The DOJ also continued its practice of partnering with fellow domestic law enforcement agencies. For example, the DOJ secured three guilty pleas in August 2023 for bid rigging asphalt paving services contracts in Michigan from 2013 to 2021. The DOJ worked with the Offices of Inspector General for the US Department of Transportation and the US Postal Service, and highlighted the partnership in public statements on the pleas. Deputy Assistant Attorney General Manish Kumar said, “Along with our law enforcement partners, the division will continue to seek justice when corporations and their leaders deprive customers of fair and open competition.” Cross-agency collaboration is a hallmark of the DOJ’s criminal enforcement and there is no reason to believe this practice will change in 2024.

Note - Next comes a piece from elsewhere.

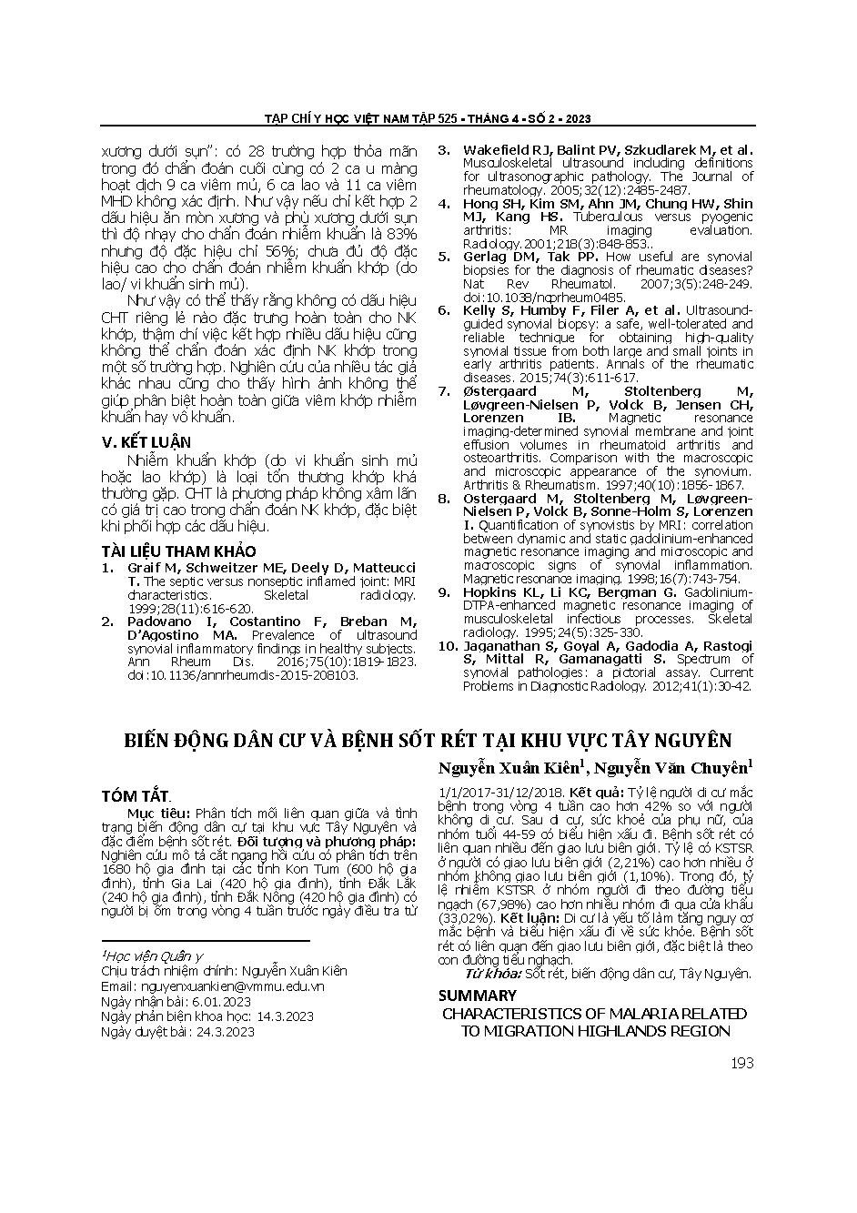 Biến động dân cư và bệnh sốt rét tại khu vực Tây Nguyên = Characteristics of malaria related to migration Highlands region

Anything but Generic Remedies

In August 2023, the DOJ announced that it had entered into two unprecedented deferred prosecution agreements (DPAs) to resolve price fixing charges in the generic drug industry against Teva Pharmaceuticals USA, Inc., and Glenmark Pharmaceuticals, Inc. Teva and Glenmark agreed to pay $250 million and $30 million, respectively, in criminal penalties and compliance monitoring, with Teva also obligated to donate $50 million worth of drugs to aid organizations. These agreements included divestitures of the companies’ product lines for the cholesterol drug pravastatin, alleged as central to the alleged price fixing conspiracy underlying the agreements. These arrangements are unusual for two reasons.

DPAs

First, DPAs are typically unfavored by the government and used as incentives for cooperation early in investigations. It is striking that the DOJ entered into these agreements in such an advanced stage of litigation, where five other corporations and three individuals had already admitted to the implicated conspiracy. DPAs are agreements between the government and defendants in which the defendants accept certain penalties in exchange for prosecutors stopping their pursuit of the underlying charges. Prosecutions are “deferred” indefinitely while defendants fulfill their end of the bargain. Although both DPAs and plea agreements involve admitting wrongdoing, DPAs allow defendants resolution without admission of legal guilt. In the event defendants fail to meet the terms of the agreement, the government resumes its prosecution and seeks convictions.

“Extraordinary” Remedial Measures

Second, both DPAs involved unheard of divestitures of product interests in the cholesterol drug pravastatin, with Teva’s DPA requiring an additional measure of $50 million in donated clotrimazole and tobramycin to humanitarian organizations. All three generic drugs were impacted by the charged conspiracy. This remedy is first of its kind—criminal antitrust enforcers historically have sought monetary and prison sentences only. However, DOJ criminal enforcers driving outside of their historic lane is not necessarily inconsistent or surprising. The current administration has repeatedly committed to “using the whole legislative toolbox” in litigation.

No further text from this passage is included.